And even with all this knowledge, there is still a need to educate people responsible for the building water systems about the risks associated with Legionella bacteria; teach design professionals how to design systems; and teach building owners/operators and maintenance personnel how to operate and maintain systems to minimize the risk of Legionella bacteria.

We know how to manage building water systems to prevent Legionella bacteria growth, yet we do not mandate education and training or certification for people responsible for design, inspection, operation and maintenance of these systems.

Resources

For many years, there have been a variety of resources available on Legionnaires’ disease, including, but not limited to:

  • The Centers for Disease Control (CDC);
  • The Occupational Safety & Health Administration (OSHA);
  • The World Health Organization (WHO); and
  • ASHRAE in its Guideline 12, first published in 2000.

These, and many other international documents, have provided guidance on how to control the growth of Legionella bacteria in building water systems. As a member of the ASHRAE 188 and Guideline 12 committees, I have been intimately involved in helping develop the new ASHRAE 188 standard, ASHRAE Standard 188 - Legionellosis: Control of Risk Associated with Building Water Systems, and the soon to be published ASHRAE Guideline 12, which is in the final stages. The 188 standard covers how to manage risks associated with building water systems; how to establish a water management team; and how to establish a water management program for control of various risk factors associated with Legionella bacteria growth.

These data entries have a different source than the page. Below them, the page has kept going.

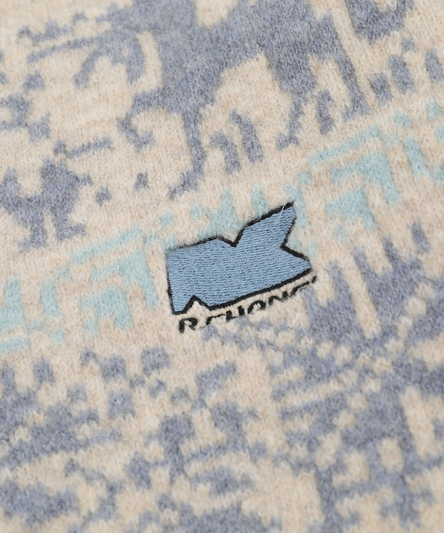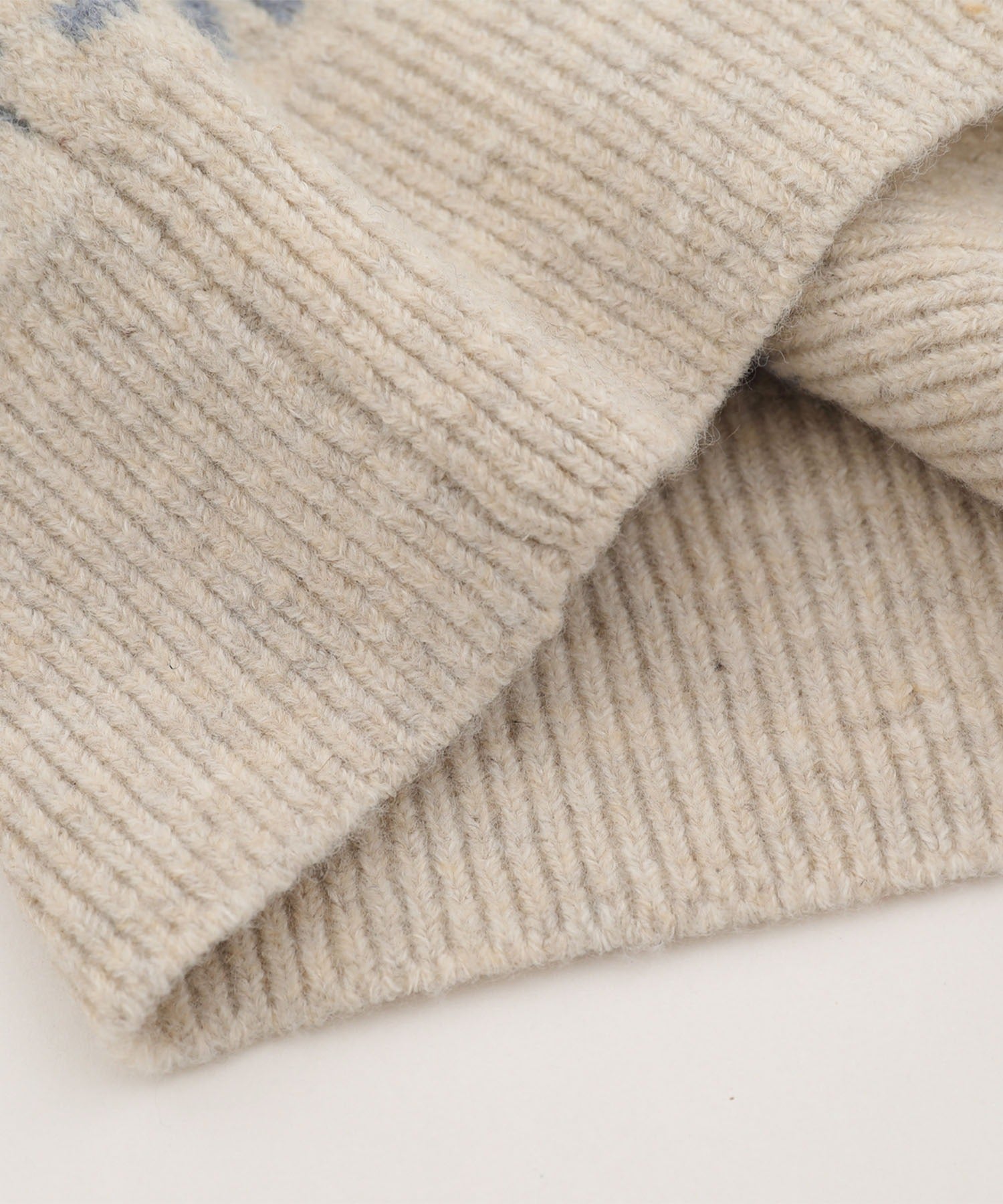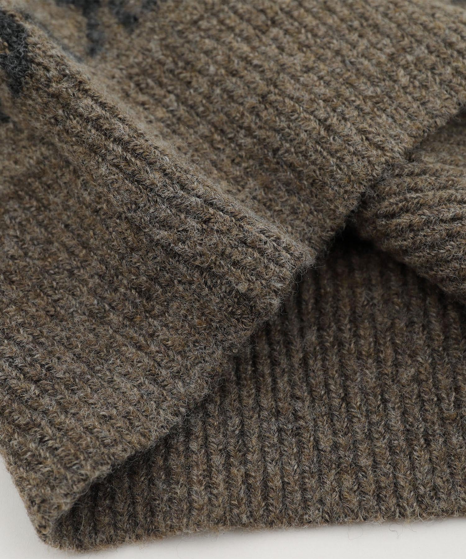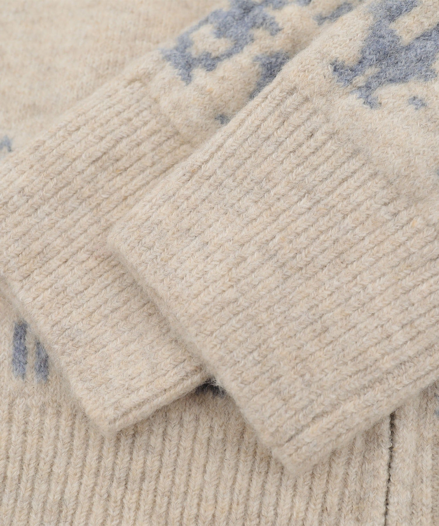 クラシックなフェアアイル調の編み柄に、胸元の小さな刺繍ワッペンがポイントになったデザインです。
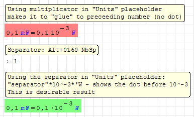 Using a leading multiplicator (like, say, 10^-3) in a Units placeholder makes the resulting display "wrong": there is no "multiplication" sign between the result number and multiplicator.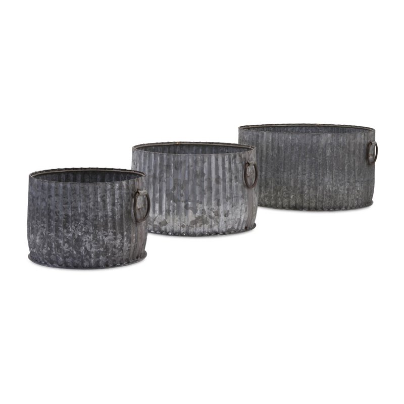 | IMAX Corporation - Flower Pots / Planters - 848403 - Add a rustic touch with this set of three corrugated planters fashioned of galvanized metal with ring carry handles. Add both style and comfort to your living space with this attractive collection. The subtle coloration of this lovely collection allows it to blend in easily with any color scheme or style of decor Finish: GrayMaterial: 100% Iron GalvanizedHand FinishedSpecifications:Product Dimensions (Item 1): 8 H x 11 W x 10.75 DProduct Dimensions (Item 2): 9 H x 13.5 W x 14.75 DProduct Dimensions (Item 3): 9.5 H x 17.5 W x 18.25 DOverall Product Weight: 13 lbs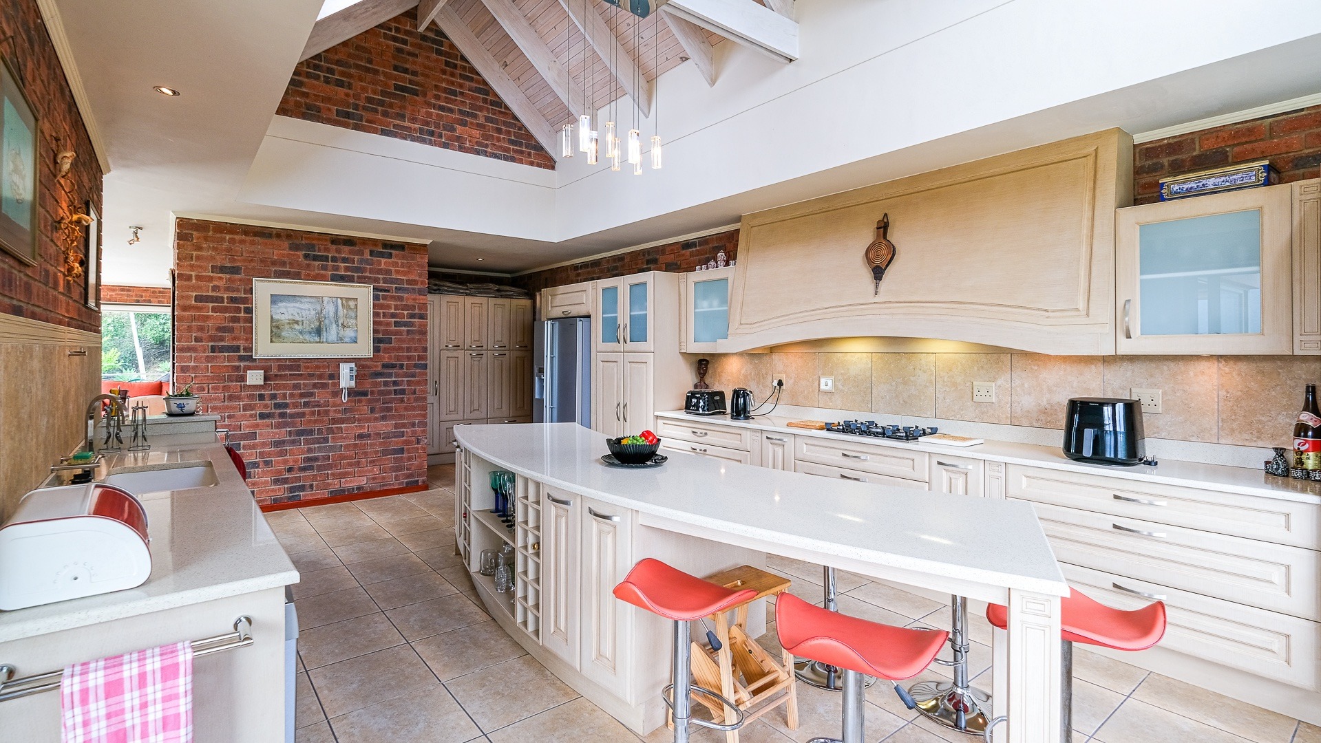 Adjacent to the lounge, TV and dining areas is the large kitchen, equipped with high-end appliances, custom cabinetry, and ample countertop space for meal preparation. The kitchen features an island, creating a central gathering point for casual dining and socializing. A scullery and laundry room offer additional storage and workspace.

ASHRAE 188-2015 includes the development of a comprehensive program that involves the following steps:

  • Program Team: Establish a program team responsible for evaluating the building water systems and developing and implementing a monitoring and maintenance program to minimize the risk of contamination.
  • Water System Description: Requires a complete description, with system schematics and process flow diagrams, of all potable and non-potable water systems within the building.
  • Evaluation of Hazards: Analyze the water systems to determine where conditions susceptible to Legionella may occur and where control measures may be effectively applied.
  • Control Measures: Establish locations for application of control measures to maintain systems within the control limits determined by the program team.
  • Monitoring and Corrective Action Plan: The program team will develop methods for monitoring the systems to determine if the control measures are effectively maintaining the system within the control limits and take corrective action when necessary to maintain system within those limits.
  • Confirmation/Validation: Develop a system to monitor the program to ensure implementation and to validate effectiveness.
  • Documentation: Develop a documentation system to monitor compliance with the program to confirm communication and accountability.

Code changes needed

Three years ago, I proposed a code change to adopt the ASHRAE 188 standard in the Plumbing Code for the design of building water systems. That code change was met with resistance from a host of lobbyists at the code hearings who stated the standard would cost them money to implement. They felt it would have been too much of an inconvenience with respect to their responsibilities and costs. Building owners historically have opposed additional safety regulations that add costs.

Building owners in the past opposed smoke detectors, fire sprinklers, and carbon monoxide detectors to name a few. I do not expect them to support this new safety standard, but it is just a matter of time before a water management plan will be required for all commercial and public buildings. If they are required to comply and they do not comply, it will also expose them to liability if people get sick or die from legionellosis and it could cost even more money in litigation defense and punitive damage costs.   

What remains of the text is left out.